Basically, I am trying to find the following pattern in a multiline textbox:
[p]anyword bla bla anyword[/p]
1.) The pattern can occur n-times in the textbox and I also want it n-times to be found.
2.) Between [p] and [/p] can be any character including whitespaces and linebreaks (“\r\n” in C#)
3.) I want the whole pattern, inluding the [p] and [/p]
The following code is very near to my wanted result. The problem is, that multiple linebreaks can occur between [p] and [/p]. I have tried out many many solutions. Nothing worked for me.

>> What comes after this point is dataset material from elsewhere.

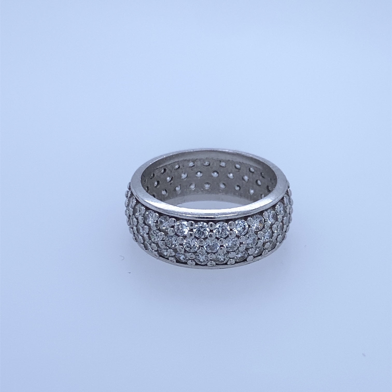 925 Sterling Silver Band Ring W/ CZ Stones all Across

private void getTextFromTag2(String Tag, String txt)
{
txt = txt.Replace("\r", "");
string re1 = "(\\[";
string re2 = "p";
string re3 = "\\]";
string re4 = ".*"; // Here lies the problem
string re5 = ""; // Left open for a solution => \r\n cann occur n-times
string re6 = "\\[";
string re7 = "\\/";
string re8 = "p";
string re9 = "\\])";
Regex r = new Regex(re1 + re2 + re3 + re4 + re5 + re6 + re7 + re8 + re9, RegexOptions.IgnoreCase | RegexOptions.Multiline);
MatchCollection mc = r.Matches(txt, 0);
foreach (Match match in mc)
{
String c1 = match.Groups[1].ToString();
Console.Write(c1 + "\r\n");
}
}
As you might see, I already replaced “\r” with “” in txt, because the RegEx engine of .NET seems to want only “\n” as a new line character.
I think, the problem in my code is to be found in re4 and re5. re4 finds any character and works good, as long as there are no line breaks.
I think, re4 should say “any character, including whitespaces and \n”. But I really don’t get it.
So once again: Everting works fine, even if the pattern occurs many times in the textbox. The problem is, when linebreaks occur between [p] and [/p]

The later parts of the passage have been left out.